■ **What to do**: Only an exact repetition of the lines from the one holding "Thương hiệu Redragon" to the end of the data is wanted, with pictures left out.

■ **Entries shown**:
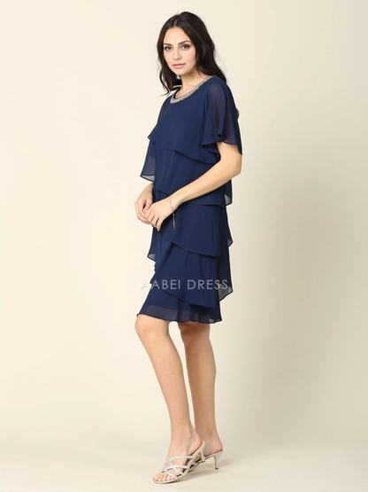 AABEI DRESS Formal Wear Dresse Round Neck Tiers Beautiful Knee-Length Mother Of The Bride Dress
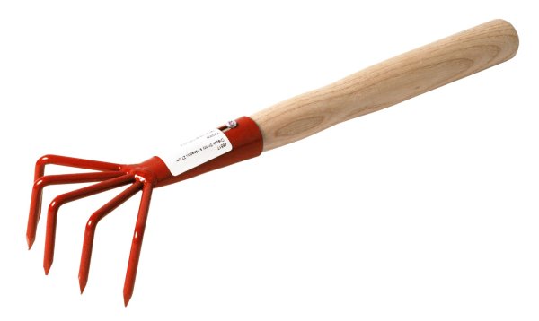 Drápek pětihrotý s násadou pro kypření půdy na záhonech a ve skleníku. Pracovní část je z kovu.
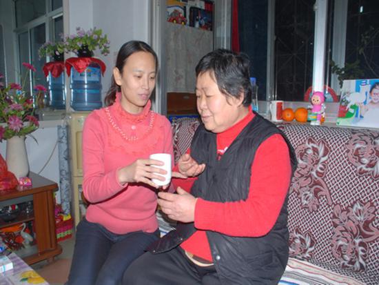 隨著孩子慢慢長大,王志會覺得輕松了許多,但是生活的磨難又一次開始考驗她。婆婆在2013年春節(jié)前查出了子宮內(nèi)膜癌需要立即手術(shù),一夜未眠的她第二天含著眼淚,向老人隱瞞著病情立即到人民醫(yī)院辦理了入院手續(xù)。丈夫在醫(yī)院時,王志會就在家里照顧公公。她上班前將飯?zhí)崆白龊昧耍鹊匠燥埖臅r間讓鄰居熱熱盛上端到老人跟前,因為怕上班后老人無法移動至廁所,就買了座椅式的方便器放在臥室里,等她下班后在清理。能想到的細(xì)節(jié)她都想到,不讓老人受一點兒委屈。
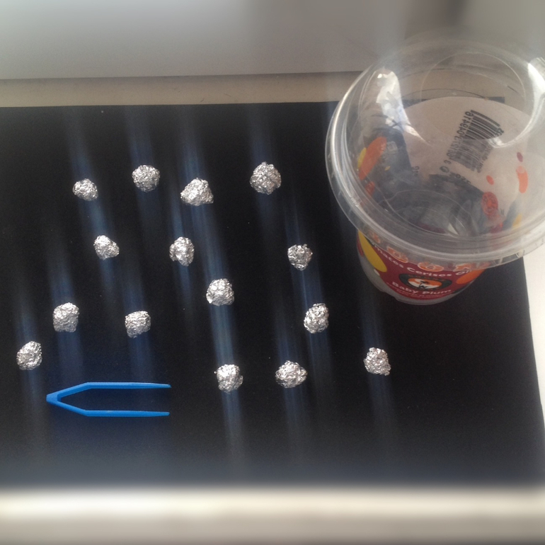 Немного мелкой моторики, заодно рассказала про метеоритный дождь. Скатали шарики из фольги. Это метеориты. И пинцетом собирали наши метеориты в баночку.
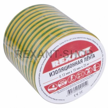 Изолента 15мм х 25м желто-зеленая REXANT
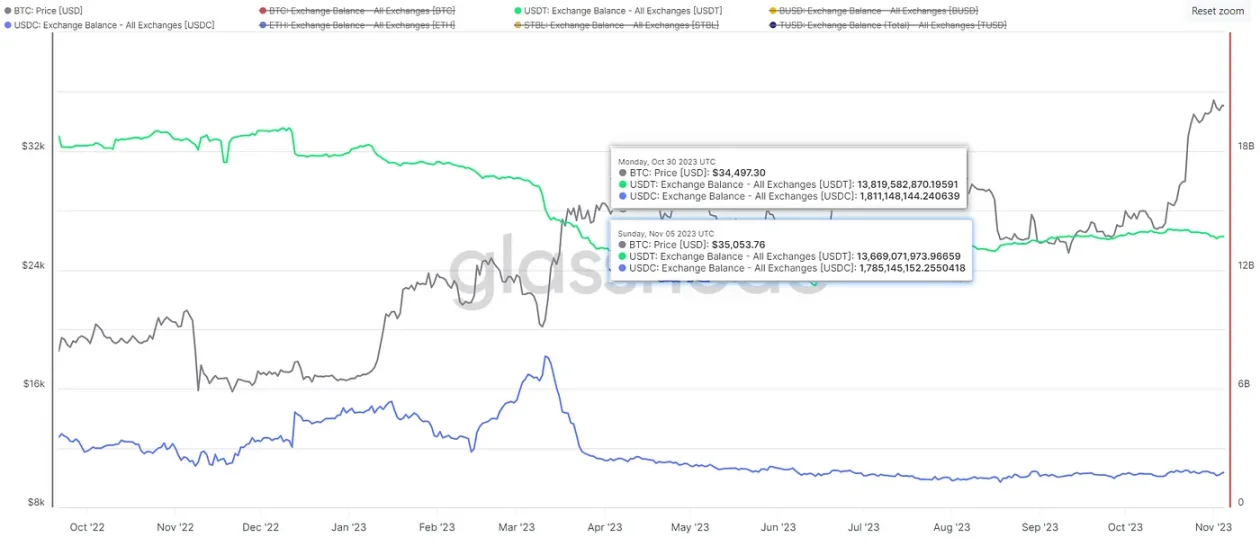 过去一周,USDT 在交易所的存量从 138 亿下降到 136 亿美金,净流出 2 亿美金。USDC 从 18.1 亿美金下降到 17.8 亿美金,净流出 3000 万美金。所以,上周 USDT 增发了 9 亿美金,但是却从交易所净流出 2 亿美金。所以增量资金青睐于链上买入,而不是进入交易所。
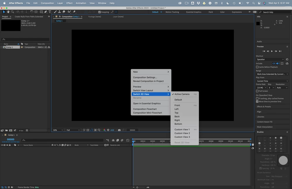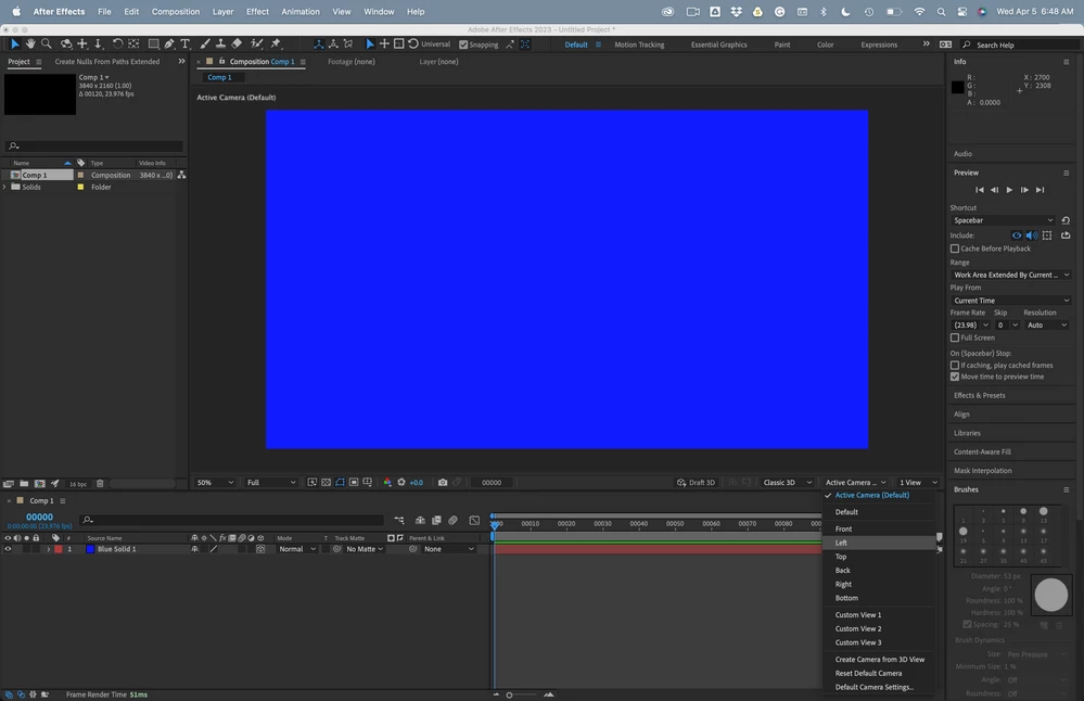 3D 레이어가 있는 경우 기본 컴포지션 패널의 오른쪽 하단 모서리에 보기 옵션과 각 패널의 드롭다운 선택 항목이 표시됩니다.
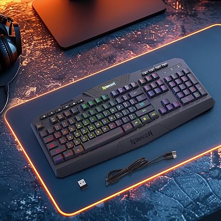 Thương hiệu Redragon là cái tên nổi tiếng được rất nhiều khách hàng trên thế giới chọn lựa. Với kiểu dáng đẹp mắt, sang trọng, sản phẩm Redragon K503 Wireless Gaming Keyboard, 3-Mode (2.4G/BT/USB), RGB LED Backlit, Multimedia Keys, Fully Programmable Silent Membrane Keyboard with Wrist Rest for Windows PC Games (Black) là sự lựa chọn hoàn hảo nếu bạn đang tìm mua một món cho riêng mình.
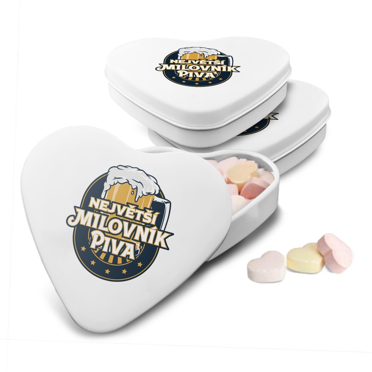 Bonbónky v srdíčkové krabičce s originálním motivemBonbónky jsou malým dárečkem pro potěšení a je vhodné darovat je jako doplněk s jiným dárkem z našeho e-shopu nebo v dárkové krabičce s ostatními produkty.Udělejte radost malým dárkem do kapsy, sladkými bonbóny v kovové krabičce ve tvaru srdce. Každého mlsouna potěší "Lipo" bonbónky v krabičce, kterou může dále používat a poslouží mu jako milá vzpomínka. V krabičce jsou namixované různé příchutě bonbónků ve tvaru srdce. Originální potisk dodá bonbónkům nádech výjimečnosti.Rozměr: 70 x 65 x 15 mmHmotnost: 40g
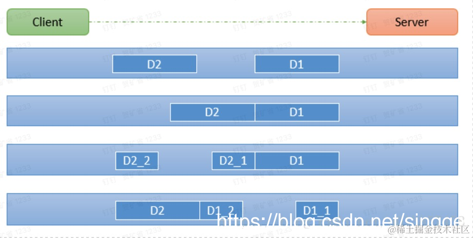 由于TCP无消息保护边界, 需要在接收端处理消息边界问题,也就是我们所说的粘包、拆包问题, 看一张图
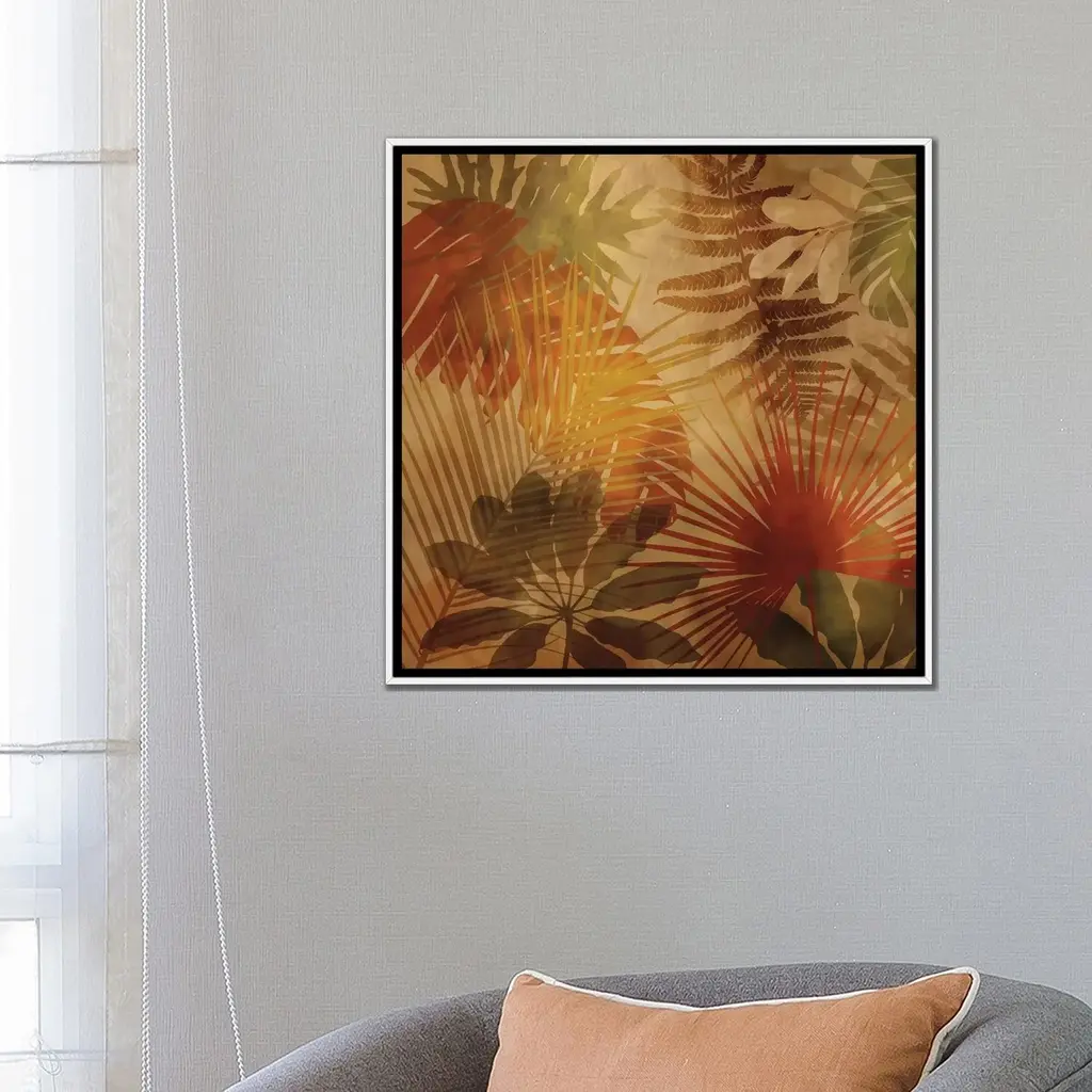 Icanvas "Sunlit Palms Ii" By John Seba Framed Canvas Print - White - 18x18
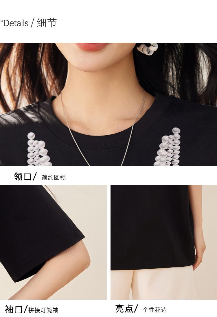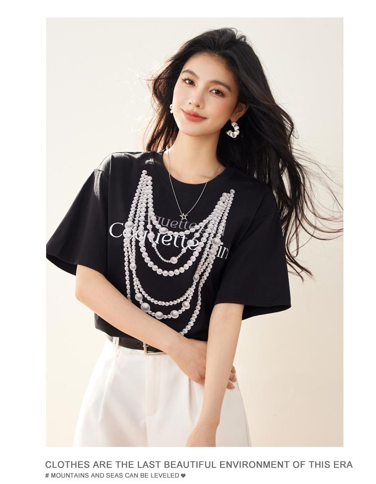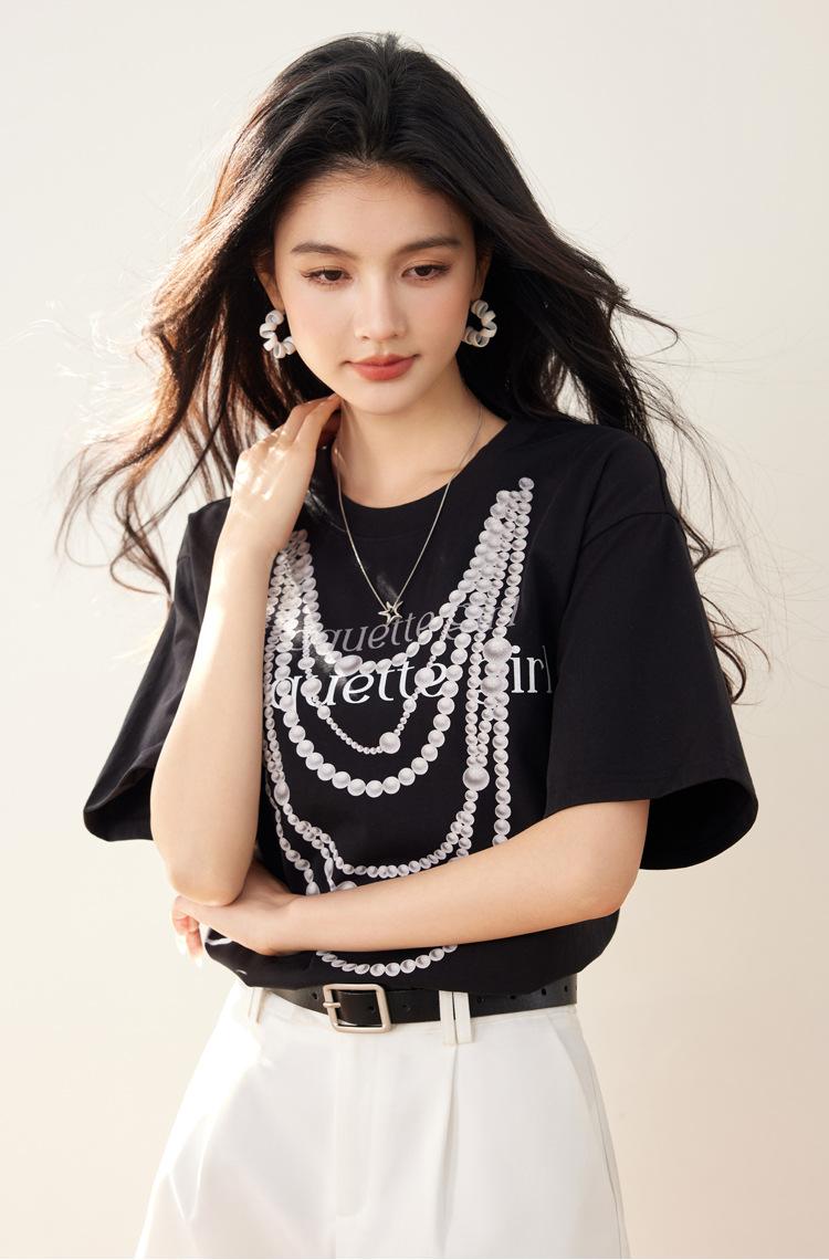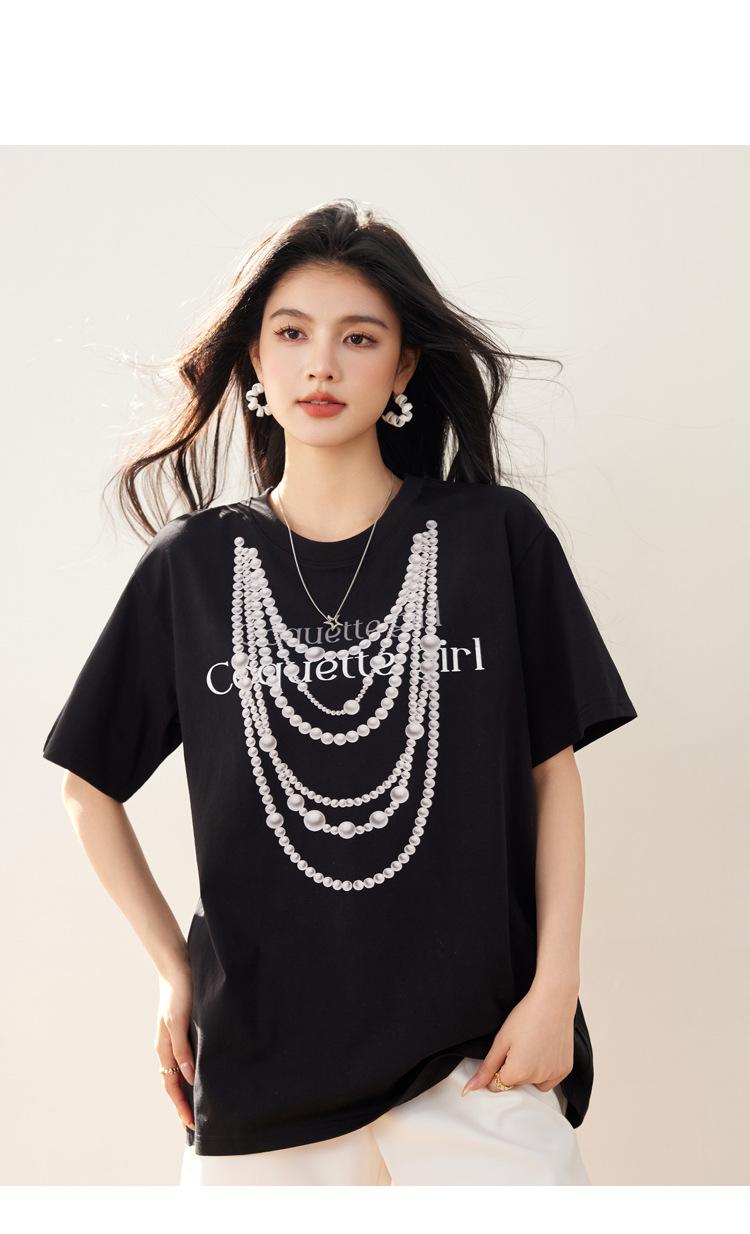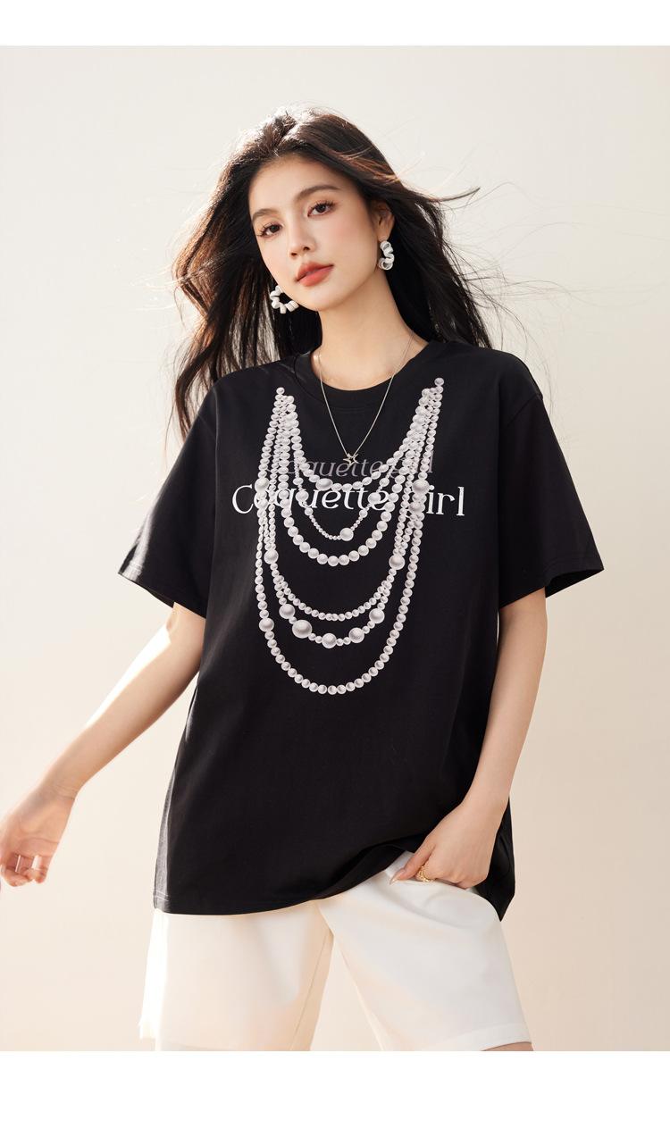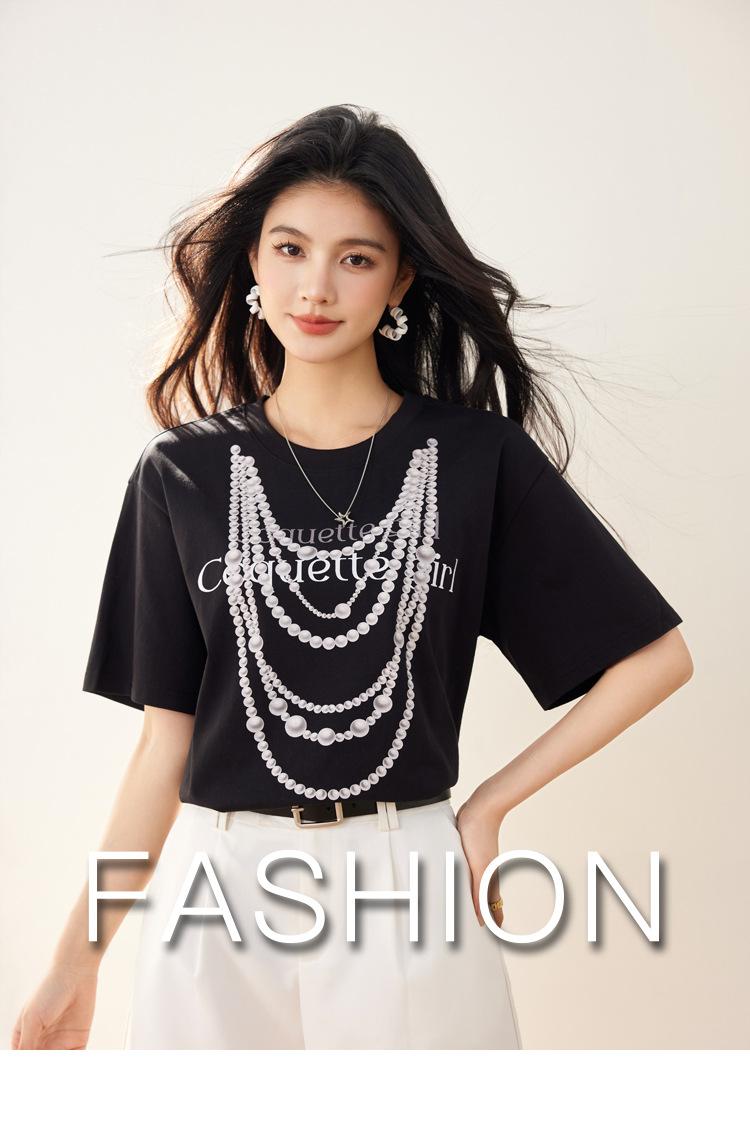 Compre 2025 Nova Roupa Feminina Estilo Americano Estampa de Pérolas Camiseta de Manga Curta Feminina Verão Retrô Solta Versátil Top no atacado no Joom.pro

■ **Final answer**:
 Thương hiệu Redragon là cái tên nổi tiếng được rất nhiều khách hàng trên thế giới chọn lựa. Với kiểu dáng đẹp mắt, sang trọng, sản phẩm Redragon K503 Wireless Gaming Keyboard, 3-Mode (2.4G/BT/USB), RGB LED Backlit, Multimedia Keys, Fully Programmable Silent Membrane Keyboard with Wrist Rest for Windows PC Games (Black) là sự lựa chọn hoàn hảo nếu bạn đang tìm mua một món cho riêng mình.
 Bonbónky v srdíčkové krabičce s originálním motivemBonbónky jsou malým dárečkem pro potěšení a je vhodné darovat je jako doplněk s jiným dárkem z našeho e-shopu nebo v dárkové krabičce s ostatními produkty.Udělejte radost malým dárkem do kapsy, sladkými bonbóny v kovové krabičce ve tvaru srdce. Každého mlsouna potěší "Lipo" bonbónky v krabičce, kterou může dále používat a poslouží mu jako milá vzpomínka. V krabičce jsou namixované různé příchutě bonbónků ve tvaru srdce. Originální potisk dodá bonbónkům nádech výjimečnosti.Rozměr: 70 x 65 x 15 mmHmotnost: 40g
 由于TCP无消息保护边界, 需要在接收端处理消息边界问题,也就是我们所说的粘包、拆包问题, 看一张图
 Icanvas "Sunlit Palms Ii" By John Seba Framed Canvas Print - White - 18x18
 Compre 2025 Nova Roupa Feminina Estilo Americano Estampa de Pérolas Camiseta de Manga Curta Feminina Verão Retrô Solta Versátil Top no atacado no Joom.pro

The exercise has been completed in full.